– Scientists deliver the first high-resolution sequence of HeLa cells, a key research tool for human disease and general biology – Sequence analysis reveals the full extent to which HeLa cells are different to the Human Genome Project reference – Resource could enhance the quality of research using HeLa cells
HeLa cells are the world’s most commonly used human cell lines, and have served as a standard for understanding many fundamental biological processes. In a study published today in G3: Genes, Genomes and Genetics online, scientists at the European Molecular Biology Laboratory in Heidelberg, announce they have successfully sequenced the genome of a HeLa cell line. It provides a high-resolution genomic reference that reveals the striking differences between the HeLa genome and that of normal human cells. The study could improve the way HeLa cells are used to model human biology.
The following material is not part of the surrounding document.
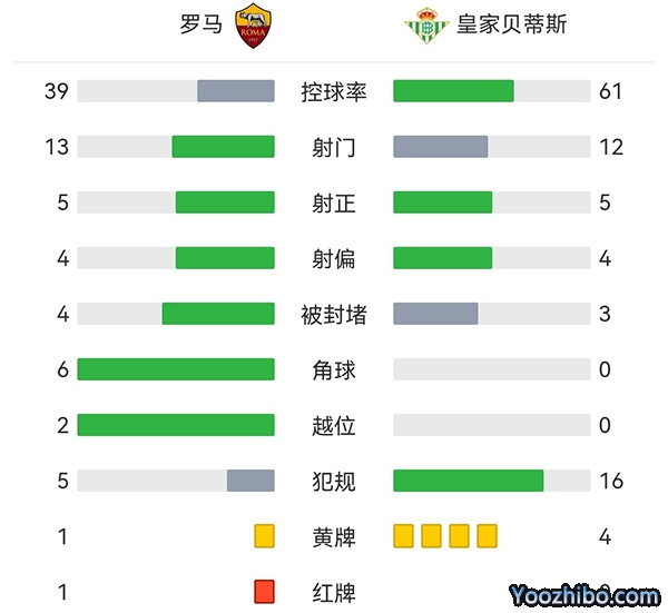 全场比赛结束,罗马1-2不敌皇家贝蒂斯。

The scientists’ analysis of the HeLa genome revealed widespread abnormalities in both the number and structure of chromosomes, as well as factors commonly associated with cancer cells like losing healthy copies of genes. In particular, the researchers found that countless regions of the chromosomes in each cell were arranged in the wrong order and had extra or fewer copies of genes. This is a telltale sign of chromosome shattering, a recently discovered phenomenon associated with 2-3% of all cancers. Knowledge of the genetic landscape of these cells can inform the design of future studies using HeLa cells, and strengthen the biological conclusions that can be made from them.
“The results provide the first detailed sequence of a HeLa genome,” explain Jonathan Landry and Paul Pyl from EMBL, who carried out the research. “It demonstrates how genetically complex HeLa is compared to normal human tissue. Yet, possibly because of this complexity, no one had systematically sequenced the genome, until now.”
“Our study underscores the importance of accounting for the abnormal characteristics of HeLa cells in experimental design and analysis, and has the potential to refine the use of HeLa cells as a model of human biology,” adds Lars Steinmetz from EMBL, who led the project.
For decades HeLa cells have provided effective and easily usable biological models for researching human biology and disease. They are widely regarded as the ‘industry standard’ tool for studying human biology. Studies using them have led to two Nobel prizes and a host of advancements in many areas, including cancer, HIV/AIDS and the development of the polio vaccine. The HeLa genome had never been sequenced before, and modern molecular genetic studies using HeLa cells are typically designed and analysed using the Human Genome Project reference. This, however, misrepresents the sequence chaos that characterises HeLa cells, since they were derived from a cervical tumour and have since been adapting in laboratories for decades.
The study provides a high-resolution genetic picture of a key research tool for human biology. It highlights the extensive differences that cell lines can have from the human reference, indicating that such characterisation is important for all research involving cell lines and could improve the insights they deliver into human biology.
We updated this Q&A section as the original one contained an unfortunate factual error, which as many scientists have noticed, was contradictory to the information given in the article. This happened as the result of lack of adequate supervision of the preparation of the Q&A section. EMBL is implementing means to ensure that similar lapses do not occur in future.
HeLa cells – a guide
What are HeLa cells?
HeLa cells originate from the cervical cancer tumour of a patient named Henrietta Lacks (hence their name), who later died of her cancer in 1951. They were the first type of human cells that were successfully cultivated in the laboratory, and have since been the most widely used human cell line in biology. Cancer cells by definition continuously replicate themselves, thus making good candidates for experimental biology; HeLa cells were particularly aggressive at doing so and thus became very popular. There are lots of different subtypes of HeLa cells that are now used – the study by EMBL researchers has sequenced the genome of one subtype of HeLa cell.
How have HeLa cells been used in science?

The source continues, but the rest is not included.